Der Anteil von Frontalunterricht ist in der Lehrveranstaltung gering gehalten und dient hauptsächlich zur Beschreibung der Fragestellung und zur Vorstellung von Hintergrundinformation. Hauptelement ist die gemeinsame Erarbeitung von Lösungen durch intensive Diskussionen. Ergänzend dazu werden Lösungen präsentiert, welche in den Projekten tatsächlich eingesetzt worden sind. Diese können durchaus von der in der Lehreinheit gemeinsam entwickelten Lösung abweichen.

 

Zur Konkretisierung der Fragestellung und Motivation der Studierenden werden echte Daten von echten Projekten eingesetzt (z.B. Gleismessungen von Hochgeschwindigkeitsstrecken). Da diese Projekte einerseits bekannt sind (z.B. Gotthard Basistunnel, Burj Khalifa) und andererseits der Vortragende an vielen der Projekte auch aktiv beteiligt war, können auch Detailaspekte diskutiert werden. Kritisch hinterfragt wird in der Lehrveranstaltung auch, ob die gemeinsam entwickelten Methoden für aktuelle Projekte anwendbar sind. Z.B. wird diskutiert, ob die Lösungen für die Schachtabtäufungen des Gotthard Basistunnels (Schachttiefe 800 m) auch auf die aktuell durchgeführte Schachtabtäufung des Semmeringbasistunnels (Schachttiefe 400 m) übertragbar sind. Bewusst werden auch Fragestellungen aufgeworfen, für die es heute noch keine vollständigen Lösungen gibt.

 

Neue Medien werden in die Vorlesung ebenfalls einbezogen. Dazu zählen unter anderem ausgewählte YouTube Beiträge, Monitoring Blogs (z.B. AGU Blogsphere: blogs.agu.org/landslideblog/) sowie Google Earth und Street View und webbasierte Dashboards zur Echtzeitanzeige von Monitoringdaten. Google Street View eignet sich z.B. für die Analyse der Konfiguration von installierten Überwachungssystemen. So wird in einer Vorlesungseinheit das innerstädtische Überwachungsnetz beim Bau der Nord-Süd U-Bahnlinie in Amsterdam im Detail rekonstruiert. Mit geeignetem Blick und dem vorgetragenem Hintergrundwissen können die Studentinnen und Studenten die Positionen der Instrumente in Google Street View identifizieren. Werden die Positionen der detektierten Instrumente auf Google Earth eingetragen, ist der unterirdische Verlauf der U-Bahntrasse rein aufgrund der Position der oberirdischen Überwachungsstationen sofort erkennbar.

 

Die Evaluierung für das WS2017/2018 ist bereits abgeschlossen.

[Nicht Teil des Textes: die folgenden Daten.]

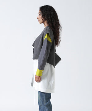 ボリューミーで構築的な袖は、切り替えを入れ素材や色を変えてレイヤードしているように見えるのもポイント。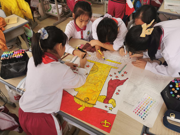 本次活動(dòng),同學(xué)們以筆繪心,傳承紅色精神,通過(guò)繪畫(huà)紅色經(jīng)典、用筆墨傳達(dá)熾熱情懷,讓一幅幅、一張張作品有了更高的精神內(nèi)涵,讓愛(ài)國(guó)、愛(ài)黨的情感像一顆顆種子深深地種在少年們的心里!
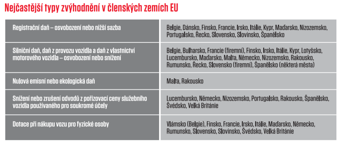 Vlastníci elektromobilů se v mnoha zemích Evropské unie těší především daňovému zvýhodnění. V patnácti členských státech včetně Belgie, Finska, Slovenska nebo Španělska majitelé ušetří už při registraci vozidla, v některých z nich je registrační daň pro elektromobily zrušena úplně (např. Řecko, Maďarsko, Portugalsko). Snížení nebo zrušení poplatku pro nízkoemisní vozidla platí v některých zemích také v případech pravidelně placených daní – silniční daně, daně z provozu vozidla nebo daně z vlastnictví motorového vozidla. Například v Nizozemsku patří investice do elektromobilů a plug-in hybridů mezi položky, které si mohou firmy odečíst z daní, v Lotyšsku se pak za každoroční technickou prohlídku elektromobilů platí nejnižší možný poplatek. V řadě zemí jako Švédsko, Německo, Rakousko nebo Portugalsko jsou sníženy nebo zrušeny odvody z pořizovací ceny služebního vozidla používaného pro soukromé účely.

Das Feedback zur Lehrveranstaltung und zum Vortragenden ist sehr positiv bekommen. Alle Evaluierenden unterstützen die Nominierung für den Preis für exzellente Lehre der TU Graz. Diese Nominierung wurde auch vom Auswahlgremium des Lehrpreises der TU Graz bestätigt und die Lehrveranstaltung mit dem Preis für exzellente Lehre an der TU Graz 2017/18 ausgezeichnet. Die Begründungen der Studierenden lauten wie folgt (Originaltext entnommen aus dem TUG online Evaluierungsergebnis):

 

+) Herausragende Aufbereitung des Inhaltes mit Praxisbeispielen (inkl. Bildern, Videos) und persönlichen Erfahrungen des Lehrenden.

 

+) Gilt für VO und UE! Bisher beste Lehrveranstaltung! Behandelt sehr viele Probleme, die in der Praxis der Geodäsie auftreten können. Für den Beruf des Geodäten essentielles Wissen, welches sehr gut und verständlich aufbereitet wurde.

 

+) Der Vortragende schafft es, die teilweise komplexen Themengebiete auf eine angenehme und praxisbezogene Art und Weise zu präsentieren. Durch die aktive Einbindung der Studenten bleiben diese immer beim Thema und haben gar keine Chance gedanklich abzuschweifen. Außerdem wird auf Fragen immer genau eingegangen bis diese für alle verständlich beantwortet sind.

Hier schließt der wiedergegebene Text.